#### Brief:
No line before the one holding "قال: (وقيل: وأربع" is wanted; restate word for word that line and all lines after it to the end of the entries, excluding pictures.

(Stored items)
+ + +

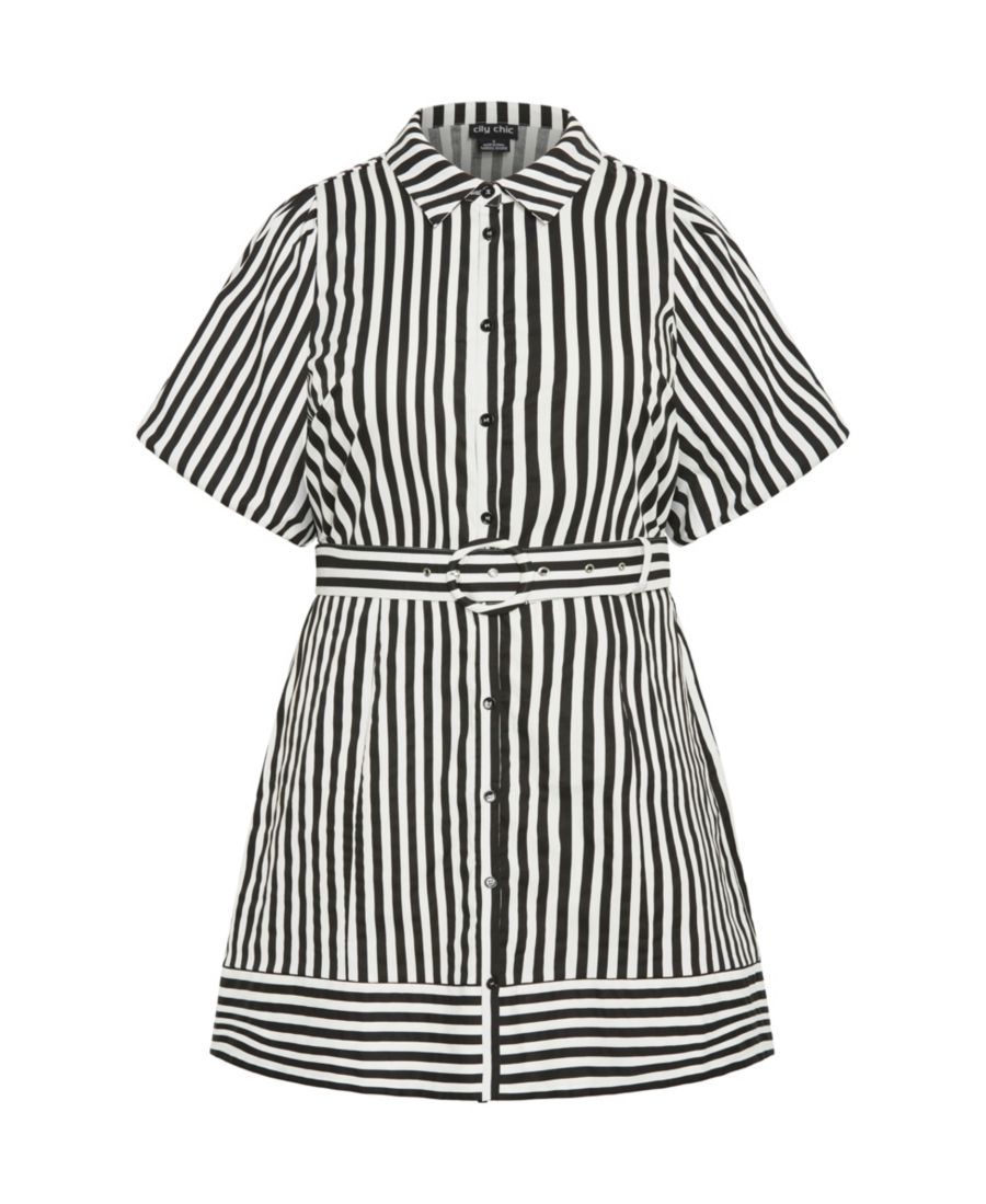 Произведите фурор в платье Stripe May! Это мини-платье с классическим воротником и застежкой на пуговицы спереди имеет элегантные рукава-фонарики длиной до локтя с эластичными манжетами, сшито из комфортной хлопковой ткани и дополнено функциональными карманами, съемным поясом на талии и удобными петлями для ремня, что делает его универсальным и стильным.
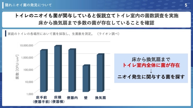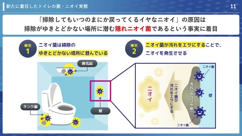 「ニオイの発生は掃除が行き届いていない場所に原因となるニオイ菌があると仮説を立てました」
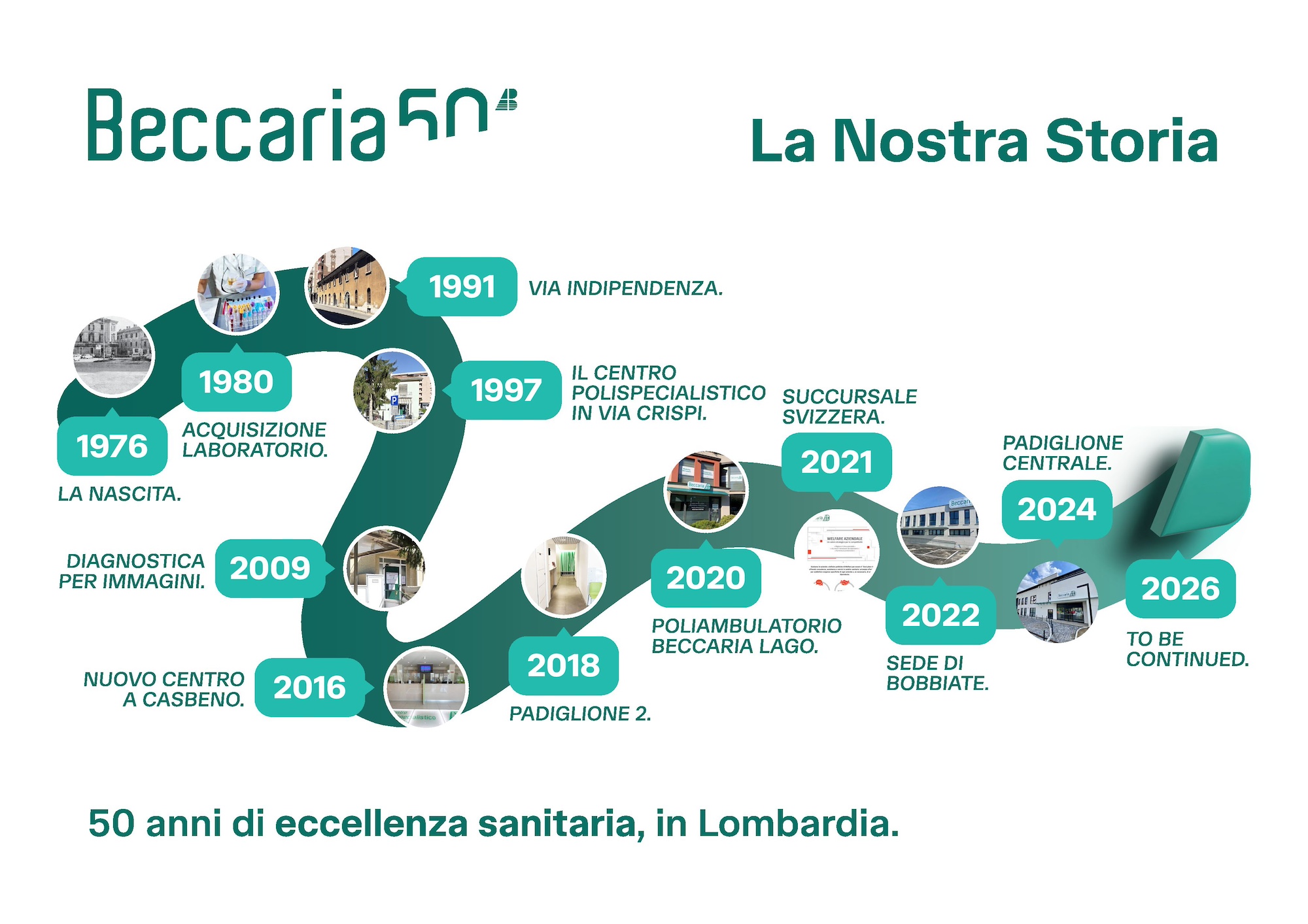 “Cinquant’anni sono un compleanno speciale. Il racconto di una storia partita da lontano, senza proclami o grandi sogni. Semplicemente una storia di immaginazione, di tanto lavoro e di un impegno costante, perché quando si parla di salute bisogna sempre essere presenti per cercare di dare una risposta in tempi rapidi. Per il futuro continueremo a investire in innovazione e prevenzione, rimanendo al passo con i cambiamenti e, quando possibile, anticipandoli. Vogliamo essere protagonisti di un cambiamento culturale nel modo di intendere la salute, promuovendo percorsi che aiutino le persone a vivere più a lungo e in salute, grazie alla tecnologia e alla ricerca”, ha dichiarato Claudio Pucci, Amministratore Delegato del Gruppo Beccaria.
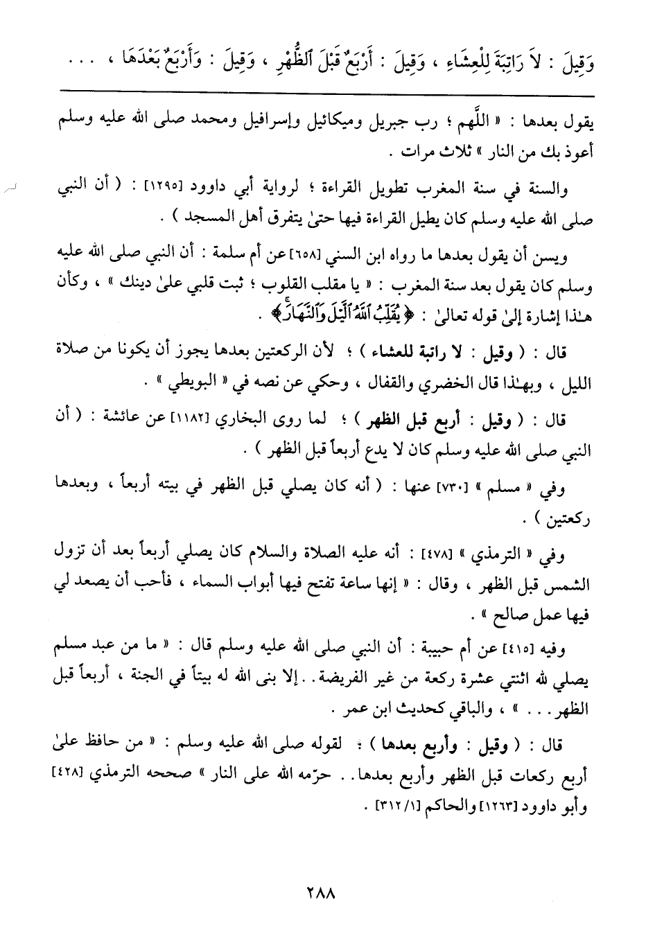 قال: (وقيل: وأربع بعدها)؛ لقوله صلى الله عليه وسلم: (من حافظ على أربع ركعات قبل الظهر وأربع بعدها .. حرمه الله على النار) صححه الترمذي [428] وأبو داوود [1263] والحاكم [1/ 312].
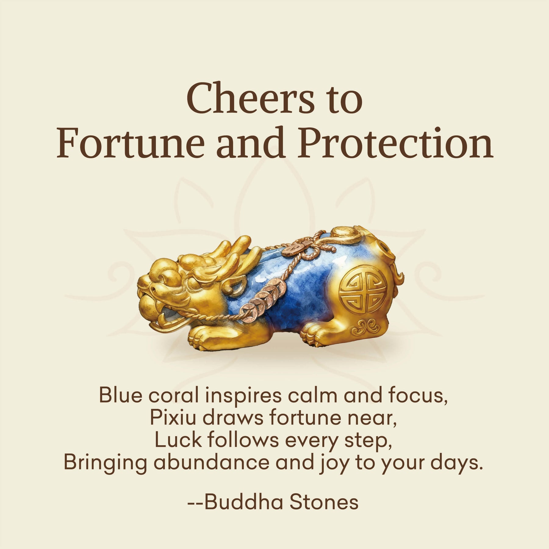 Buddha Stones "Cheers to Fortune and Protection" PiXiu Bracelet Includes Gift Message Card - Blue Sea Willow(Wrist Circumference 15-18cm) - Standard Gift Box - image 0
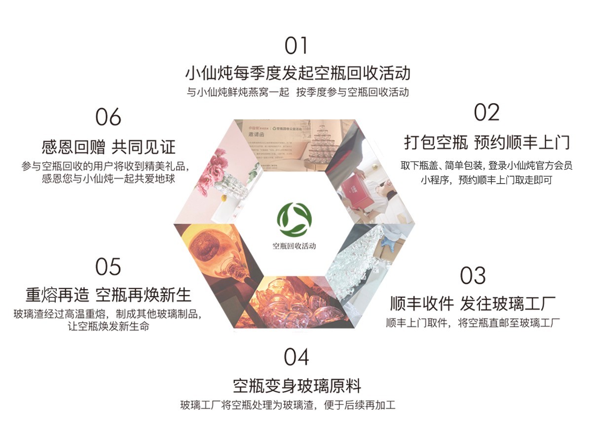 小仙燉自2019年起按季度開啓空瓶回收公益活動,從用户手中回收燕窩空瓶,發往玻璃工廠經過高温重熔,再造為玻璃製品,讓廢舊玻璃煥發新生。
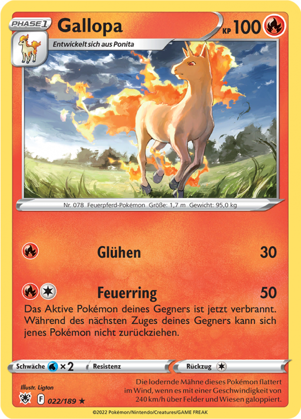 | Kaufen? | Kaufen Sie Ihre Gallopa Pokemon-Karte aus dem Astralglanz-Erweiterung. |

+ + +

#### Output for this exercise:
 قال: (وقيل: وأربع بعدها)؛ لقوله صلى الله عليه وسلم: (من حافظ على أربع ركعات قبل الظهر وأربع بعدها .. حرمه الله على النار) صححه الترمذي [428] وأبو داوود [1263] والحاكم [1/ 312].
 Buddha Stones "Cheers to Fortune and Protection" PiXiu Bracelet Includes Gift Message Card - Blue Sea Willow(Wrist Circumference 15-18cm) - Standard Gift Box - image 0
 小仙燉自2019年起按季度開啓空瓶回收公益活動,從用户手中回收燕窩空瓶,發往玻璃工廠經過高温重熔,再造為玻璃製品,讓廢舊玻璃煥發新生。
 | Kaufen? | Kaufen Sie Ihre Gallopa Pokemon-Karte aus dem Astralglanz-Erweiterung. |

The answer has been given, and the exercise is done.